Data follows below. Repeat exactly the lines between the line holding "GROHE Brausearm Rainshower" and the line holding "Dual Lens Industrial", inclusive, and nothing more; drop pictures.

##########

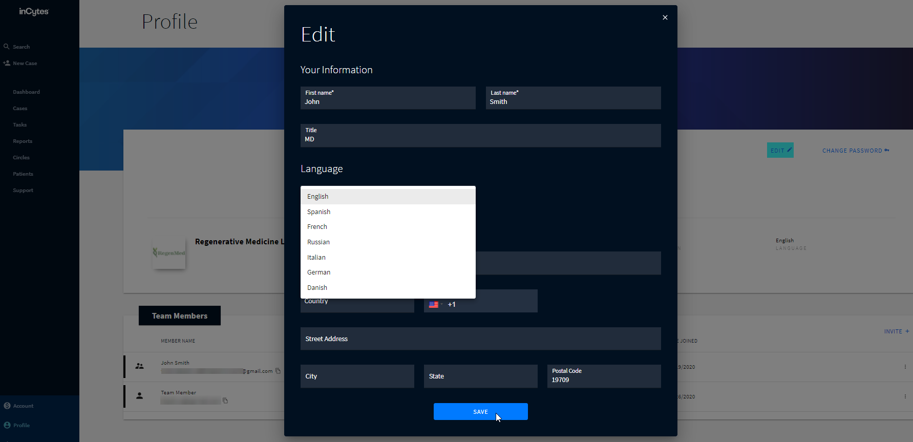 Note: You can also select the preferred language of communication for the patient. By doing so, the patient will get the invitation email in their preferred language. You can make this selection when adding a new patient or during the patient editing process. Afterward (if required), your patients can change the language settings at their personal patient portal.
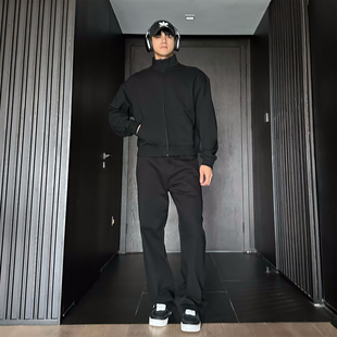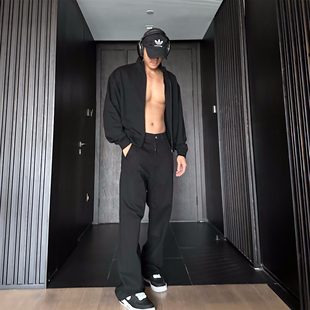 裤 小众设计感弯刀裤 高街直筒休闲工装 美式 子 男秋冬加绒黑色牛仔裤
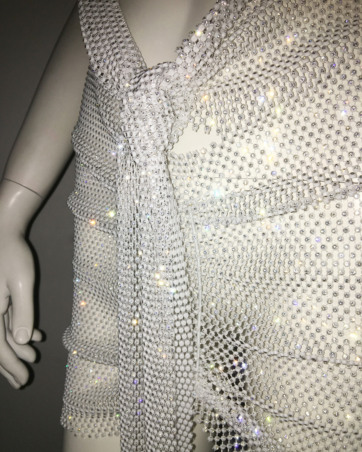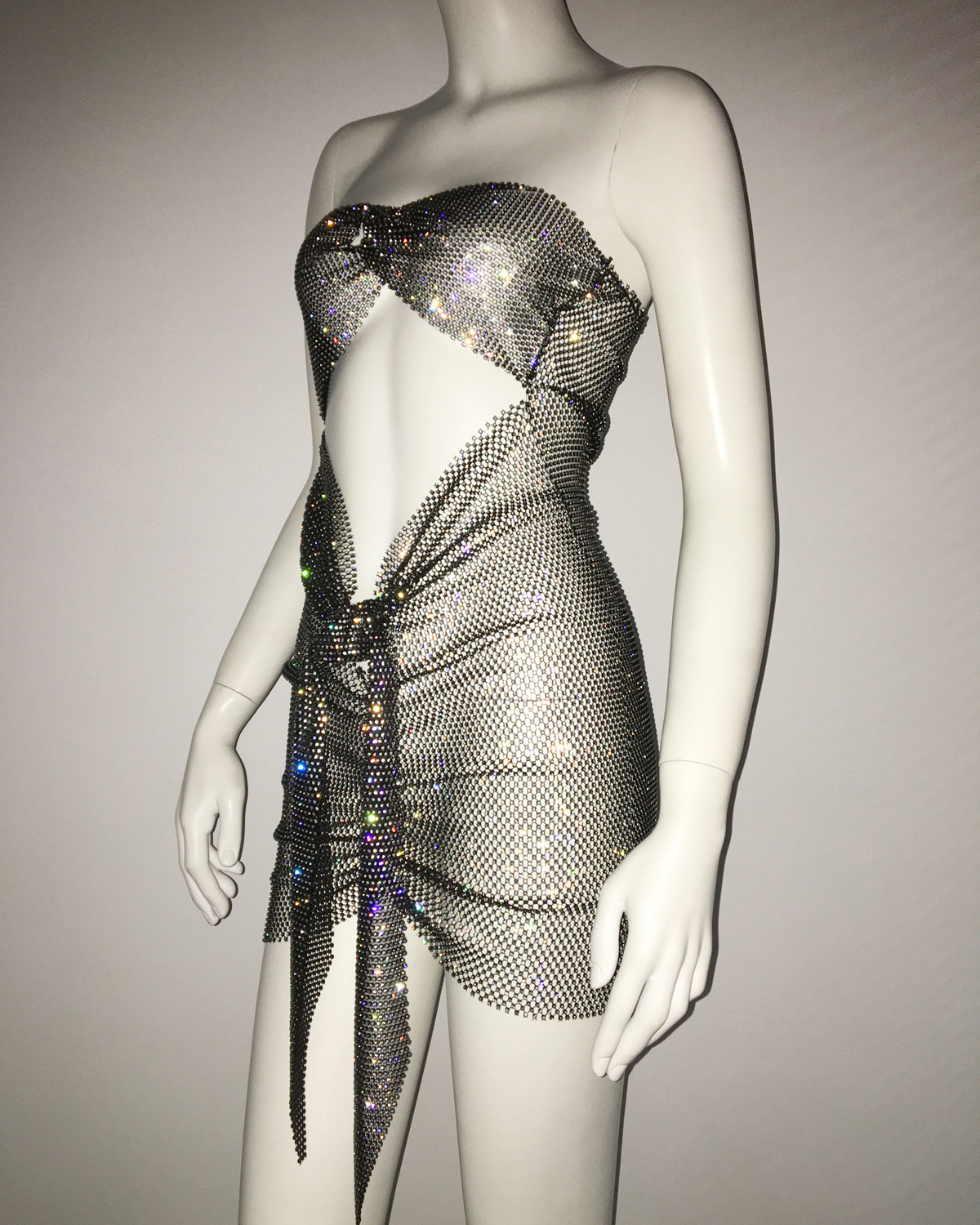 Element: Rhinestone.Lace/Tulle/Fishnet.Cutout.Ruched.Tie
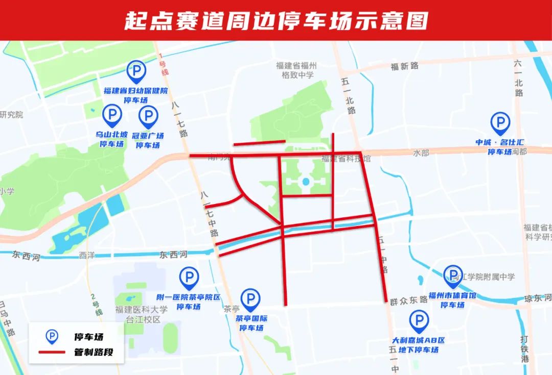 今年的福马赛道从五一广场出发,途经三坊七巷、上下杭、烟台山、花海公园等网红打卡点,为确保赛事活动安全顺利进行,道路交通安全、有序、畅通,福州城区将有多处路段实行交通管制。
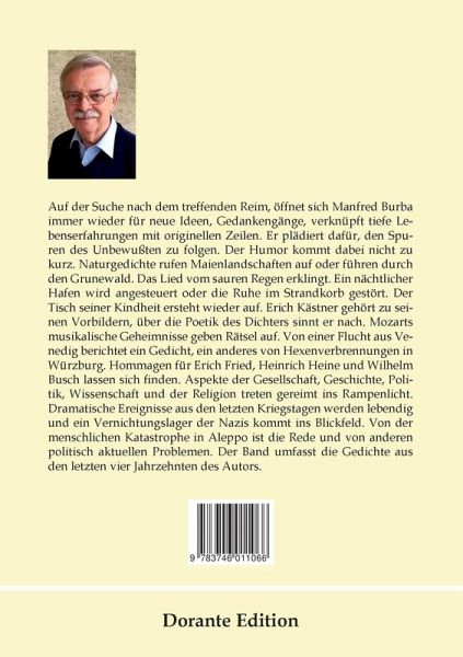 Auf der Suche nach dem treffenden Reim, öffnet sich Manfred Burba immer wieder für neue Ideen, Gedankengänge, verknüpft tiefe Lebenserfahrungen mit originellen Zeilen. Er plädiert dafür, den Spuren des Unbewussten zu folgen. Der Humor kommt dabei nicht zu kurz. Naturgedichte rufen Maienlandschaften auf oder führen durch den Grunewald. Das Lied vom sauren Regen erklingt. Ein nächtlicher Hafen wird angesteuert oder die Ruhe im Strandkorb gestört. Der Tisch seiner Kindheit ersteht wieder auf. Erich Kästner gehört zu seinen Vorbildern, über die Poetik des Dichters sinnt er nach. Mozarts musikalische Geheimnisse geben Rätsel auf. Von einer Flucht aus Venedig berichtet ein Gedicht, ein anderes von Hexenverbrennungen in Würzburg. Hommagen für Erich Fried, Heinrich Heine und Wilhelm Busch lassen sich finden. Aspekte der Gesellschaft, Geschichte, Politik, Wissenschaft und der Religion treten gereimt ins Rampenlicht. Dramatische Ereignisse aus den letzten Kriegstagen werden lebendig und ein Vernichtungslager der Nazis kommt ins Blickfeld. Von der menschlichen Katastrophe in Aleppo ist die Rede und von anderen politisch aktuellen Problemen. Der Band umfasst die Gedichte aus den letzten vier Jahrzehnten des Autors.
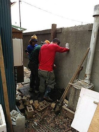 それを流し込んで、鉄柱を立てて、さらに礫と一緒に流し込んでを繰り返していきます。
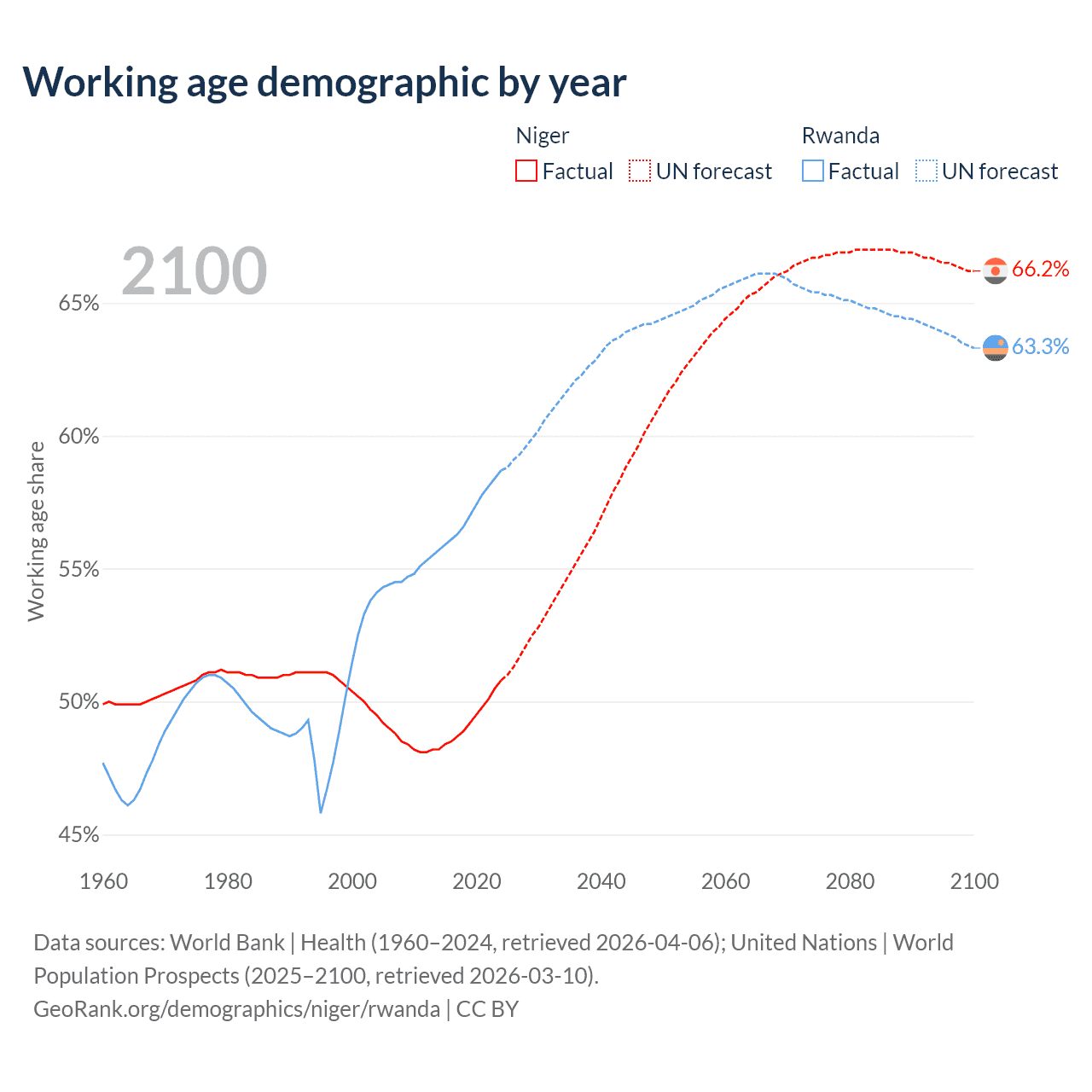 - Niger has 14.8M working age adults (aged 15-64) vs 8.79M in Rwanda.
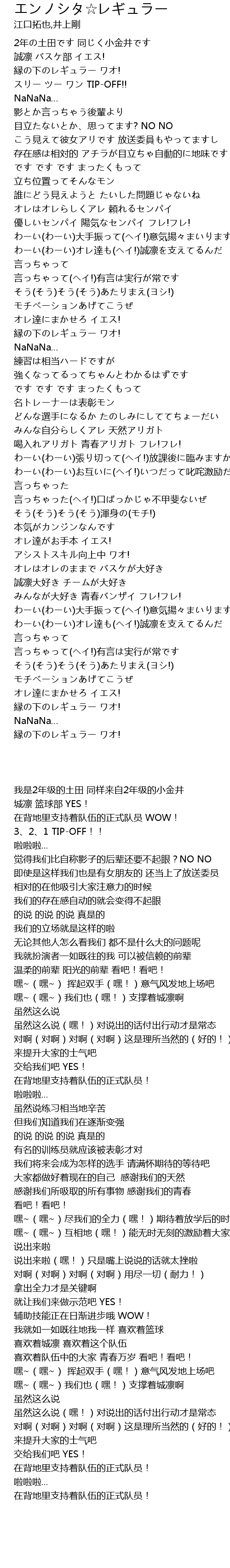 | [03:23.49] | わーい(わーい)オレ達も(ヘイ!)誠凛を支えてるんだ |
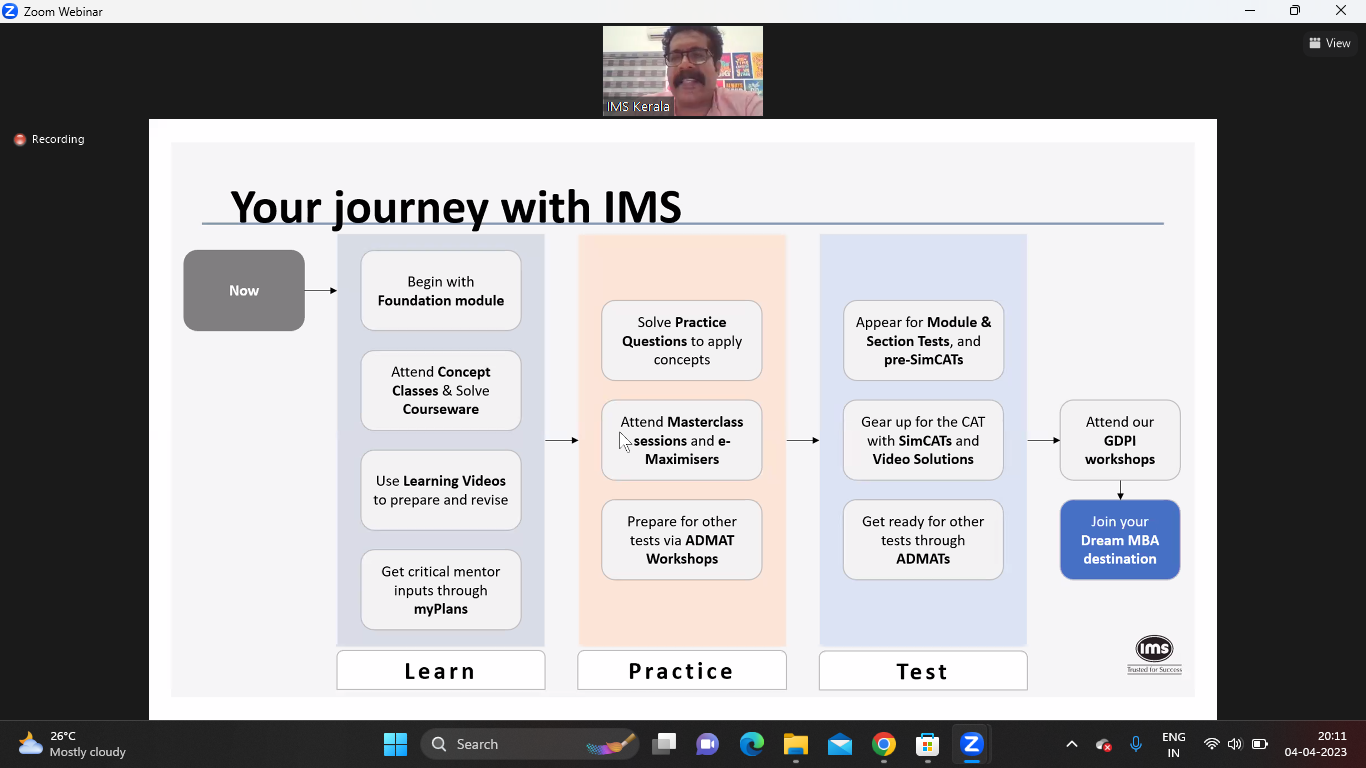 <p>Vi IMS Kerala Your journey with IMS Begin with Now Foundation module Solve Practice Appear for Module & Questions to apply Section Tests, and concepts pre-SimCATs Attend Concept Classes & Solve Courseware Attend Masterclass Gear up for the CAT Attend our sessions and e- with SimCATs and GDPI Maximisers Video Solutions workshops Use Learning Videos to prepare and revise Prepare for other Get ready for other Join your tests via ADMAT tests through Dream MBA Workshops ADMATs destination Get critical mentor inputs through myPlans IMS Learn Practice Test Trusted Success Z ENG 20:11 Search oudy IN 04-04-2023</p>
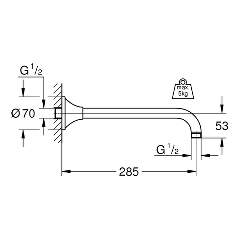 GROHE Brausearm Rainshower Grandera 27986 Ausladung 286 mm chrom
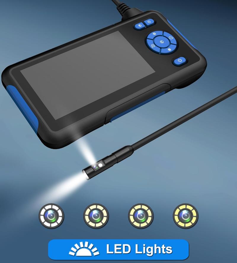 Dual Lens Industrial Endoscope, 1080P Digital Borescope Inspection Camera, 8.0mm IP67 Waterproof, with 4.3" LCD Screen Display, 8 LED Lights,16.5FT Semi-Rigid Cable (All Black)
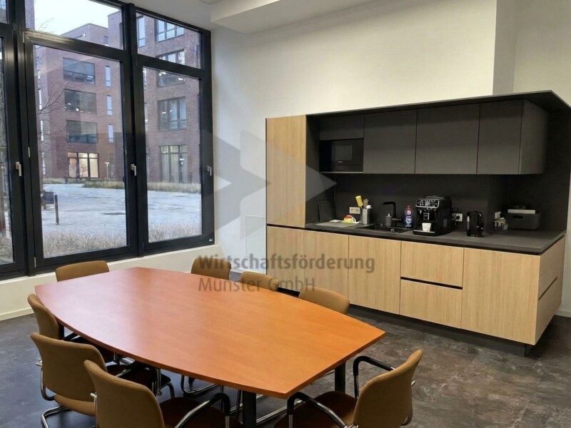 Zur Bürofläche gehören eine Küche und ein Besprechungsraum, die gemeinschaftlich genutzt werden. Zudem steht eine schallisolierte Telefonbox zur Mitbenutzung zur Verfügung.
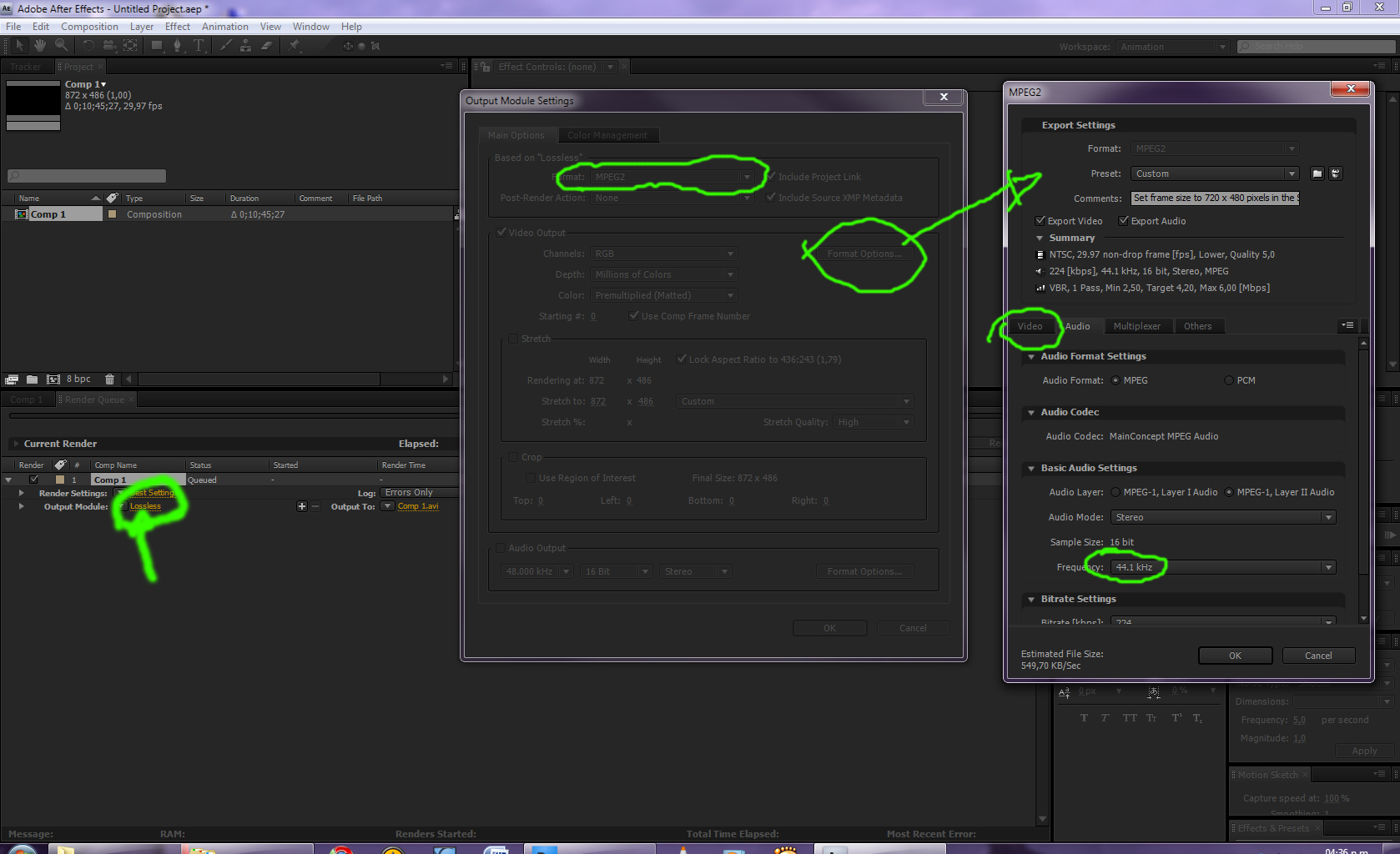 Hola. Intenta exportar así. Dale en composición crear película, en formato lo cambias a mpeg 2, fíjate después en opciones de formato que cambies el video en la calidad a 5, normalmente cuando pones mpeg 2 sale en 4 la calidad, después cambia el setting de audio a 44.100.
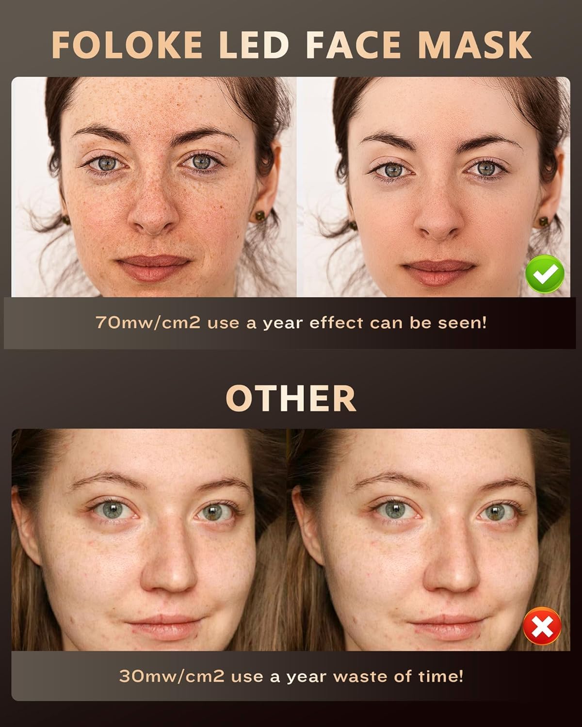 ❤️ Facial Red Light Therapy Mask: This LED light therapy facial mask allows you to choose the optimal wavelength for your skin's needs, offering red light therapy to rejuvenate and repair your skin. Red light 630nm and Near Red light 830nm are the best combination of wavelengths for treatment.
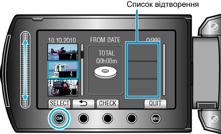 Виберіть дату зйомки, яку необхідно додати до списку відтворення, та натисніть
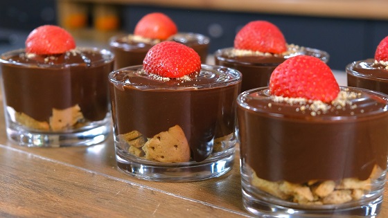 Σε 6 ποτηράκια σπάμε σε μικρά κομμάτια μπισκότα digestive χωρίς ζάχαρη.

##########

*SOLUTION FOR THIS PROBLEM*
 GROHE Brausearm Rainshower Grandera 27986 Ausladung 286 mm chrom
 Dual Lens Industrial Endoscope, 1080P Digital Borescope Inspection Camera, 8.0mm IP67 Waterproof, with 4.3" LCD Screen Display, 8 LED Lights,16.5FT Semi-Rigid Cable (All Black)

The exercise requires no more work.